Tentu dan sangat jelas jika semuanya sudah diperhitungkan dari berbagai hal. Permasalahan yang timbul bisa diselesaikan dengan baik bukan mencari-cari kesalahan dan mengambil kesempatan momen untuk mendapatkan panggung dalam membahas perpindahan ibukota ini. Pemerintah harus lebih jelas dan terbuka dalam segala hal yag akan dilakukan pada saat pengelolaan dan pelaksanaan perpindahan ini kepada rakyat.
Pro kontra muncul karena ada rasaa risau dari beberapa kalangan petinggi mengenai perpindahan ibu kota ini. Tapi alagkah baiknya semua dibicarakan dan diselesaikan dengan baik tanpa harus blunder dalam menyampaikan pendapat yang bisa berujung apda pertikaian yang terjadi saat ini yang dilakukan oleh Edy Mulyadi. Rakyat jangan mudah terprovokasi. Dengan naiknya isu pemindahan ibukota dengan berbagai pro dan kontra yang ada saat ini. Kita sebagai rakyat jangan mudah terprovokasi dengan omongan dan hal-hal yang negative tentang isu pemindahan ibu kota ini. Kapan majunya negeri ini selalu membahas yang itu saja tanpa ada perubahan. Sudah terlalu banyak hal yang mulai terlihat baik saat ini dengan adanya gebrakan baru yang dilakukan oleh pemerintahan saat ini. Pembangunan infrastuktur yang mulai merata di seluruh wilayah Indonesia kini bisa dapat dirasakan oleh daerah-daerah terpencil juga. Dengan adanya pembangun jala tol yang fungsinya sebagai sarana penghubung dalam mempercepat lagkah dan operasional pertumbuhan ekonomi bisa dirasakan oleh semua wilayah yag ada di Indonesia.

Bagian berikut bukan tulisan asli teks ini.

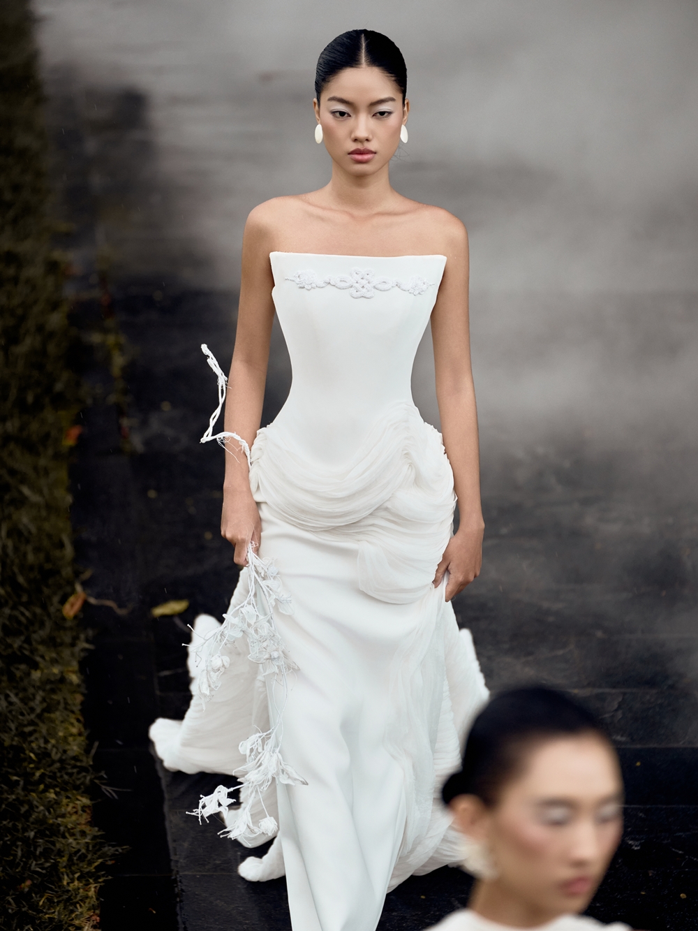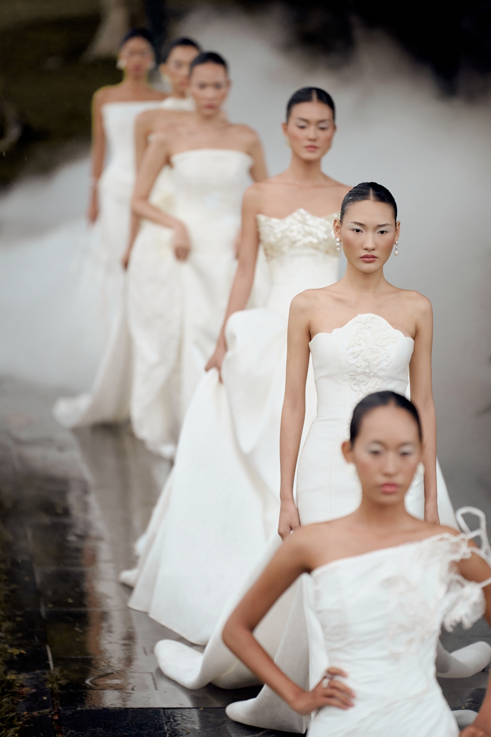 Most designs focus on strapless dresses, corset bodices, and flared skirts. The remaining designs feature mermaid and trumpet silhouettes. In addition to traditional long gowns, the show also included short, see-through wedding dresses.

Kita harus melihat sesuatu kearah yang lebih baik, jangan terus mencari kesalahan tapi tidak melakukan hal-hal penting yang berguna untuk kemajuan negeri ini. Berpikir rasional dan terbuka untuk saat ini sangat dibutuhkan dalam memikirkan kemajuan negeri ini menjadi lebih baik lagi di masa yang akan datang. Dengan adanya ibukota baru Indonesia lebih baik dan maju memangnya salah, kan tidak! Sudah saatnya kita untuk bangkit dan berpikir maju dalam menatap hari esok yang lebih baik, jangan hanya memikirkan keburuka tapi hal yang dihalang malah membuat negeri ini lebih maju di masa yang akan datang. Terkadang melihat berita saat ini ketika ada orang yang memiliki jabatan dan kekuasaan tapi berkomentar degan menyampaikan hal-hal yang menimbulkan amarah dan kebencian adalah perbuatan yang sangat memalukan. Hal demikian merupakan sebuah kemunduran untuk negeri ini bisa maju dan menjadi negara yang lebih baik lagi di kemudia hari.
Semoga ibukota yang sudah diberikan nama "Nusantara" bisa menjadi awal kebangkitan untuk indonesia menjadi lebih baik di masa yang akan datang. Setiap doa dan perkataan yang baik kita ucapkan dalam kehidupan ini, akan membawa sebuah anugrah terbesar untuk negeri ini bisa menerima langkah awal yang lebih maju dan lebih baik lagi kedepannya.